309 Best Time to Buy and Sell Stock with Cooldown

309. Best Time to Buy and Sell Stock with Cooldown

1. Question

Say you have an array for which theithelement is the price of a given stock on dayi.

Design an algorithm to find the maximum profit. You may complete as many transactions as you like (ie, buy one and sell one share of the stock multiple times) with the following restrictions:

• You may not engage in multiple transactions at the same time (ie, you must sell the stock before you buy again).

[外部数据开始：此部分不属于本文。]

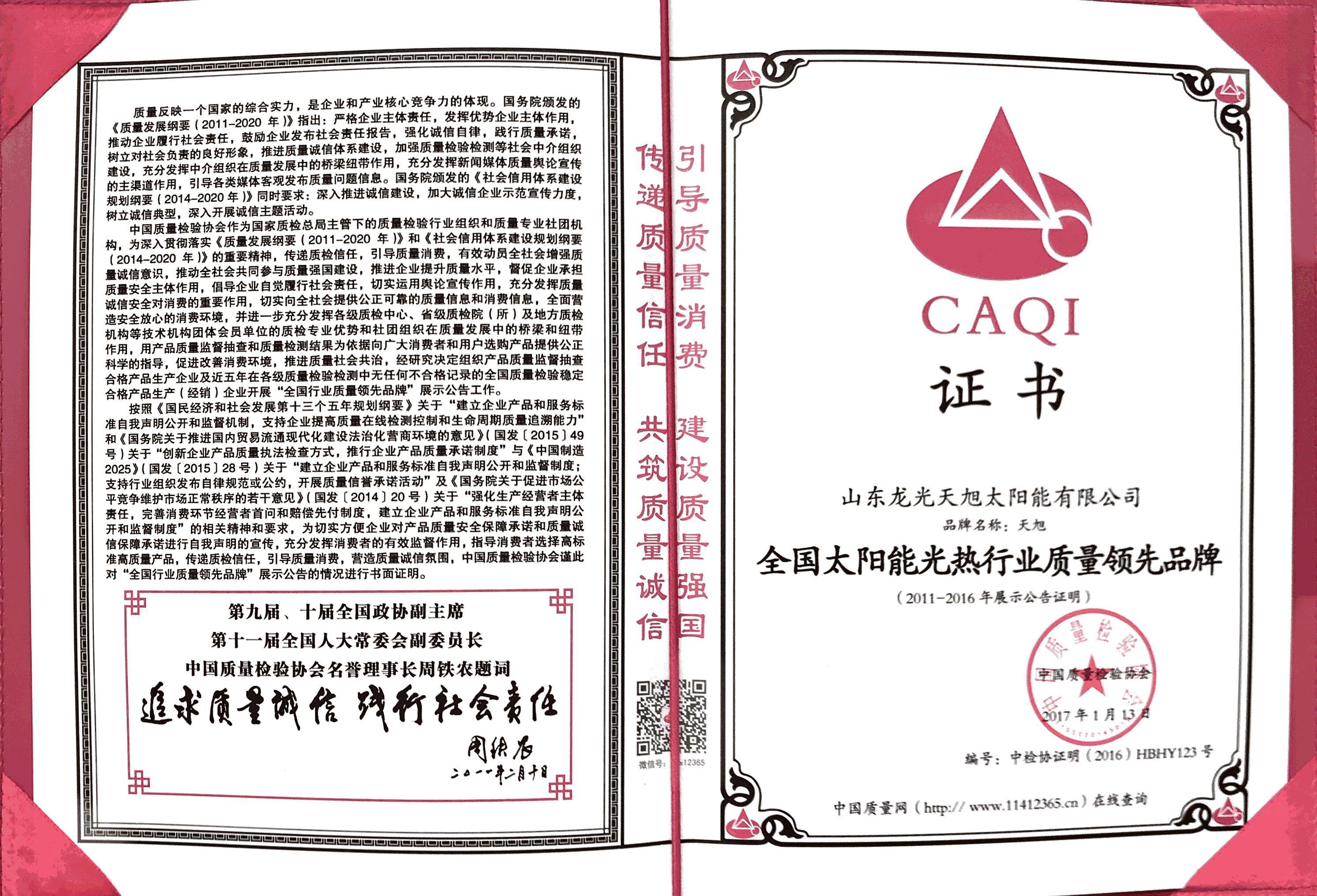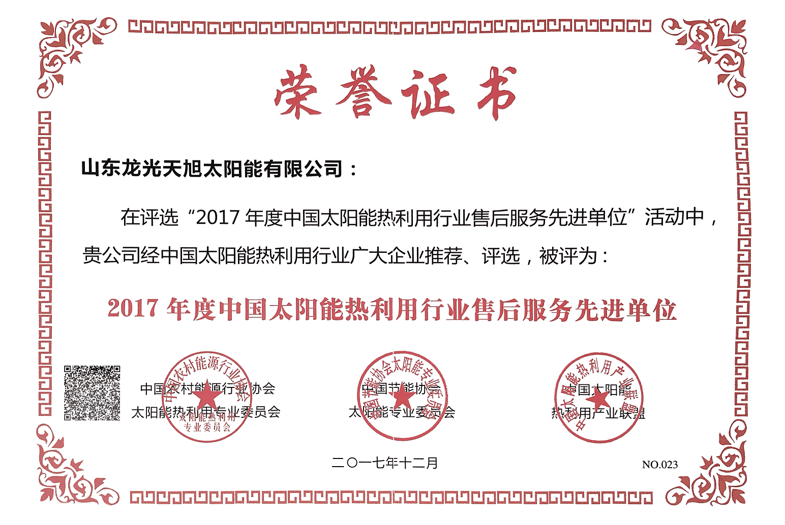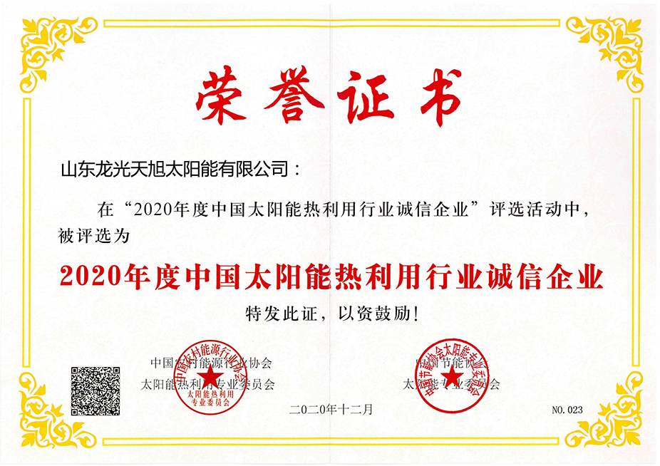 • 2020 Integrity Enterprise in China's Solar Thermal Utilization Industry
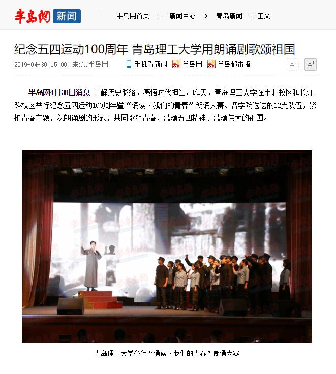 半岛网4月30日消息 了解历史脉络,感悟时代担当。昨天,伟德国际1946bv官网在市北校区和长江路校区举行纪念五四运动100周年暨“诵读·我们的青春”朗诵大赛。各学院选送的12支队伍,紧扣青春主题,以朗诵剧的形式,共同歌颂青春、歌颂五四精神、歌颂伟大的祖国。

• After you sell your stock, you cannot buy stock on next day. (ie, cooldown 1 day)

Example:

Input:
 [1,2,3,0,2]

Output: 
3 

Explanation:
transactions = [buy, sell, cooldown, buy, sell]

2. Implementation

(1) DP:

buy[i]表示在第i天我们买股票所获得的最大利润, buy[i]的状态取决于两方面:

1.不买任何股票，和前一天一样

2.买第i天股票，但因为有cool down，所以第i天买股票必须要i - 2天前卖了股票后

所以状态转移方程为 buy[i] = Math.max(buy[i - 1], sell[i - 2] - prices[i])

sell[i]表示在第i天我们卖股票所获得的最大利润, 和buy[i]类似，sell[i]的状态取决于两方面:

1.不卖任何股票，和前一天一样

1. 卖第i天股票，注意这里卖股票没有cooldown的限制，即前天买了股票后第二天可以卖

状态转移方程为 sell[i] = Math.max(sell[i - 1], buy[i - 1] + prices[i])

class Solution {
    public int maxProfit(int[] prices) {
        if (prices == null || prices.length <= 1) {
            return 0;
        }

        int n = prices.length;
        int[] buy = new int[n];
        int[] sell = new int[n];

        // Initialization
        buy[0] = -prices[0];
        sell[0] = 0;

        for (int i = 1; i < n; i++) {
            sell[i] = Math.max(sell[i - 1], buy[i - 1] + prices[i]);
            buy[i] = Math.max(buy[i - 1], (i > 1 ? sell[i - 2] : 0) - prices[i]);
        }

        return Math.max(buy[n - 1], sell[n - 1]);
    }
}

3. Time & Space Complexity

DP: 时间复杂度O(n), 空间复杂度O(n)